Novapak Nasal Sinus Packing and Stent

K-Number: K202623 · 2020-12-08

ApplicantMedtronic Xomed
Decision Date2020-12-08
Product CodeLYA
Advisory CommitteeEN
DecisionSubstantially Equivalent

Device Summary

Novapak Nasal Sinus Packing and Stent is a medical device manufactured by Medtronic Xomed. It received FDA 510(k) clearance on 2020-12-08 under approval number K202623. The device is classified under product code LYA. It was reviewed by the EN advisory panel. FDA Decision: Substantially Equivalent.
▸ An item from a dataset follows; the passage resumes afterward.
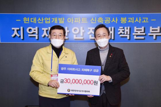 [¹Ìµð¾îÀü³² Á¦°¥´ëÁ¾ ±âÀÚ] À̿뼷 ±¤ÁÖ±¤¿ª½ÃÀåÀÌ 25ÀÏ ¿ÀÈÄ Çö´ë»ê¾÷°³¹ß ¾ÆÆÄÆ® ½ÅÃà°ø»ç ºØ±«»ç°í ÇöÀå¿¡ ¸¶·ÃµÈ Áö¿ªÀç³¾ÈÀü´ëÃ¥º»ºÎ¿¡¼ ¼ÛÇÏÁø ÀüºÏµµÁö»ç(Àü±¹½ÃµµÁö»çÇùÀÇȸÀå)·ÎºÎÅÍ »ç°í ¼ö½À Áö¿ø±ÝÀ» Àü´Þ ¹Þ°í ÀÖ´Ù.

Frequently Asked Questions

What is the Novapak Nasal Sinus Packing and Stent?

Novapak Nasal Sinus Packing and Stent is a medical device that received FDA 510(k) clearance on 2020-12-08. It is manufactured by Medtronic Xomed. The 510(k) number is K202623.

When was Novapak Nasal Sinus Packing and Stent approved by the FDA?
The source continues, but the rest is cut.